From mboxrd@z Thu Jan  1 00:00:00 1970
From: Patrick McHardy <kaber@trash.net>
Subject: Re: [PATCH 5/5] ctnetlink: optional reliable event delivery
Date: Fri, 27 Mar 2009 11:12:17 +0100
Message-ID: <49CCA681.2090704@trash.net>
References: <20090327093822.8259.50902.stgit@Decadence> <20090327094031.8259.81782.stgit@Decadence>
Mime-Version: 1.0
Content-Type: text/plain; charset=ISO-8859-15; format=flowed
Content-Transfer-Encoding: 7bit
Cc: netfilter-devel@vger.kernel.org
To: Pablo Neira Ayuso <pablo@netfilter.org>
Return-path: <netfilter-devel-owner@vger.kernel.org>
Received: from stinky.trash.net ([213.144.137.162]:56585 "EHLO
	stinky.trash.net" rhost-flags-OK-OK-OK-OK) by vger.kernel.org
	with ESMTP id S1752280AbZC0KM1 (ORCPT
	<rfc822;netfilter-devel@vger.kernel.org>);
	Fri, 27 Mar 2009 06:12:27 -0400
In-Reply-To: <20090327094031.8259.81782.stgit@Decadence>
Sender: netfilter-devel-owner@vger.kernel.org
List-ID: <netfilter-devel.vger.kernel.org>

Pablo Neira Ayuso wrote:
> This patch improves ctnetlink event reliability if one broadcast
> listener has set the NETLINK_BROADCAST_ERROR socket option.
> 
> The logic is the following: if the event delivery fails, ctnetlink
> sets IPCT_DELIVERY_FAILED event bit and keep the undelivered
> events in the conntrack event cache. Thus, once the next packet
> arrives, we trigger another event delivery in nf_conntrack_in(). If
> things don't go well in this second try, we accumulate the pending
> events in the cache but we try to deliver the current state as soon
> as possible. Therefore, we may lost state transitions but the
> userspace process gets in sync at some point.

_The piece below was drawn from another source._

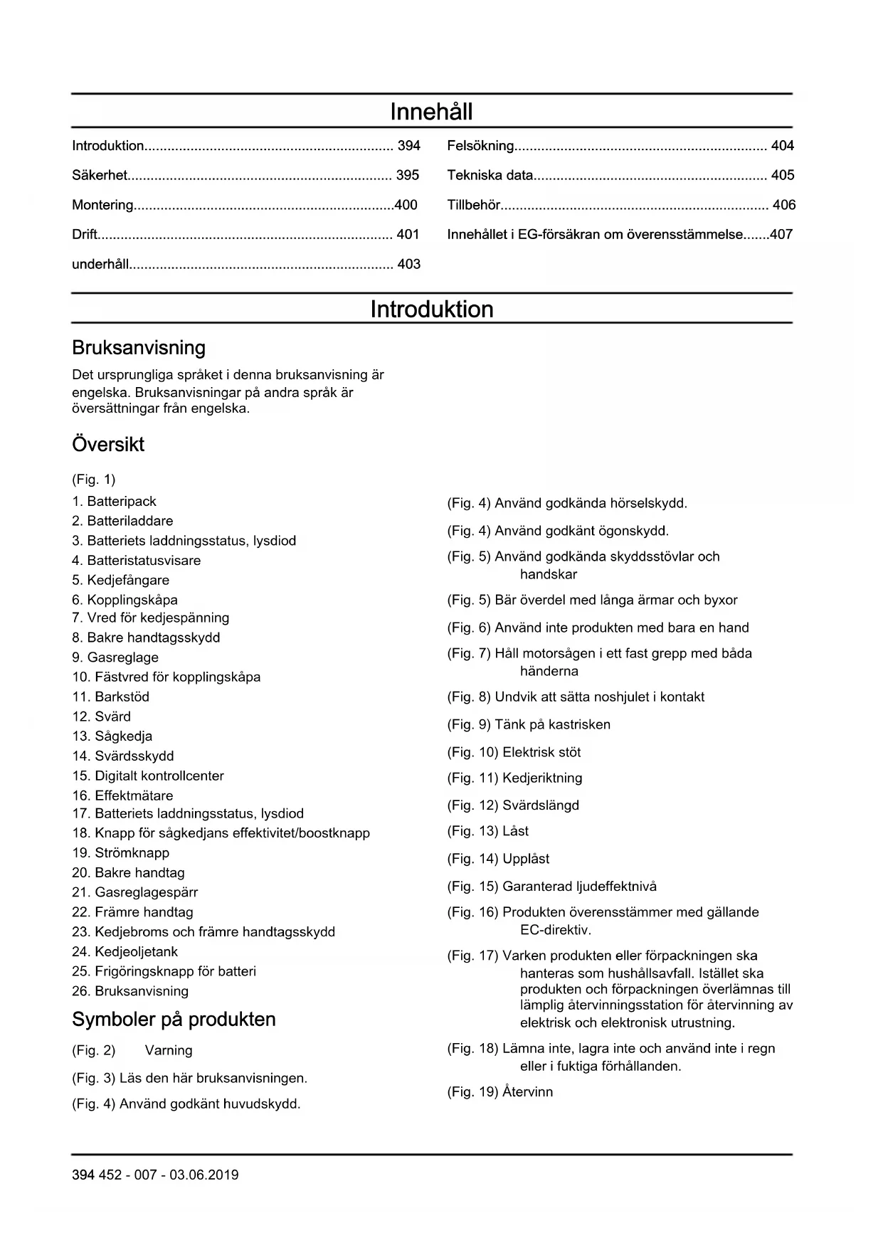 Symboler på produkten (Fig. 2) Varning (Fig. 3) Läs den här bruksanvisningen. (Fig. 4) Använd godkänt huvudskydd. (Fig. 4) Använd godkända hörselskydd. (Fig. 4) Använd godkänt ögonskydd. (Fig. 5) Använd godkända skyddsstövlar och handskar (Fig. 5) Bär överdel med långa ärmar och byxor (Fig. 6) Använd inte produkten med bara en hand (Fig. 7) Håll motorsågen i ett fast grepp med båda händerna (Fig. 8) Undvik att sätta noshjulet i kontakt (Fig. 9) Tänk på kastrisken (Fig. 10) Elektrisk stöt (Fig. 11) Kedjeriktning (Fig. 12) Svärdslängd (Fig. 13) Låst (Fig. 14) Upplåst (Fig. 15) Garanterad ljudeffektnivå (Fig. 16) Produkten överensstämmer med gällande EC-direktiv. (Fig. 17) Varken produkten eller förpackningen ska hanteras som hushållsavfall. Istället ska produkten och förpackningen överlämnas till lämplig återvinningsstation för återvinning av elektrisk och elektronisk utrustning. (Fig. 18) Lämna inte, lagra inte och använd inte i regn eller i fuktiga förhållanden. (Fig. 19) Återvinn 394 452 - 007 - 03.06.2019Notera: Övriga symboler/dekaler på produkten avser specifika krav för certifieringar på andra kommersiella marknader. Produktansvar Enligt lagstiftningen för produktansvar ansvarar vi inte för skador som vår produkt orsakar om: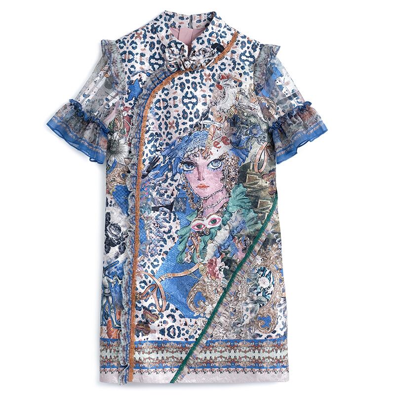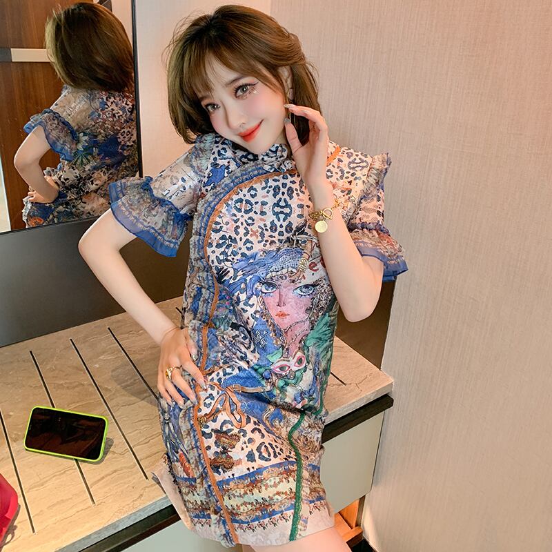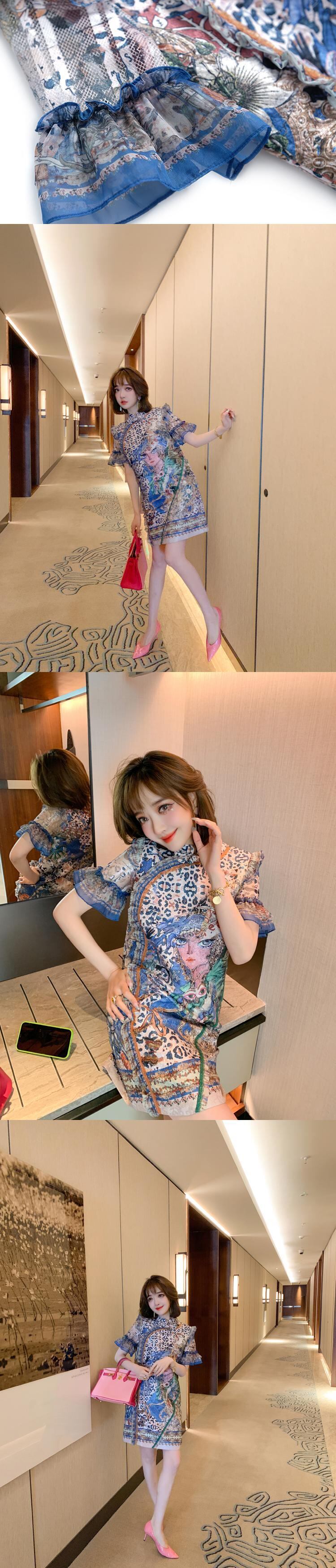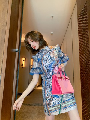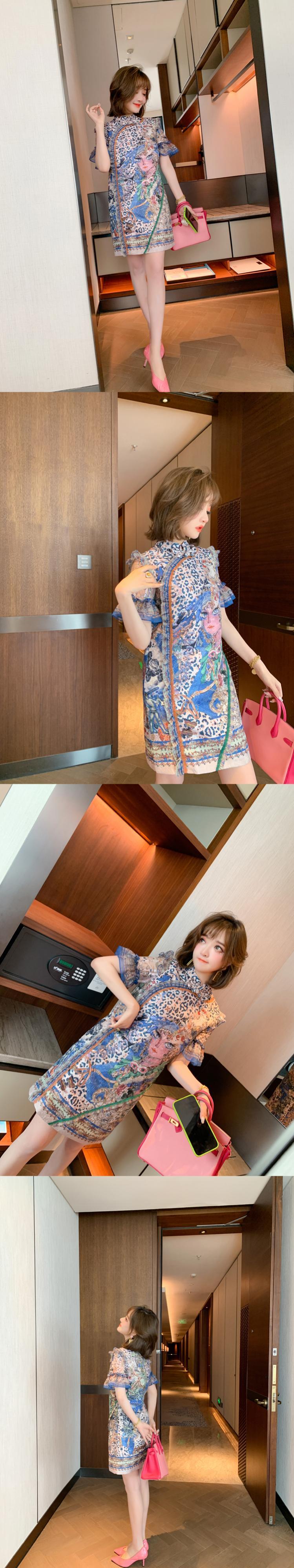 カラーバックルプリントレースウェストドレス サマー レトロ 夏物 MIUCO46713039342

Sounds good so far. Except - this won't work without per-conntrack
events I guess. And those would need (quite a lot of) atomic operations
again.

> At worst case, if no events were delivered to userspace, we make
> sure that destroy events are successfully delivered. This happens
> because if ctnetlink fails to deliver the destroy event, we re-add
> the conntrack timer with an extra grace timeout of 15 seconds to
> trigger the event again (this grace timeout is tunable via /proc).
> 
> If a packet closing the flow (like a TCP RST) kills the conntrack
> entry but the event delivery fails, we drop the packet and keep
> the entry in the kernel. This is the only case in which we may drop
> a packets.

This last two points don't seem like good behaviour at all. The
timeouts are supposed to have a meaning, so they should *at least*
deactivate the conntrack. Explicit removal of the conntrack should
*never* fail. TCP conntrack needs it for connection reopening,
handling out of sync sessions etc.

> For expectations, the logic is more simple, if the event delivery
> fails, we drop the packet.

.. while restoring the expectation to an active state I hope?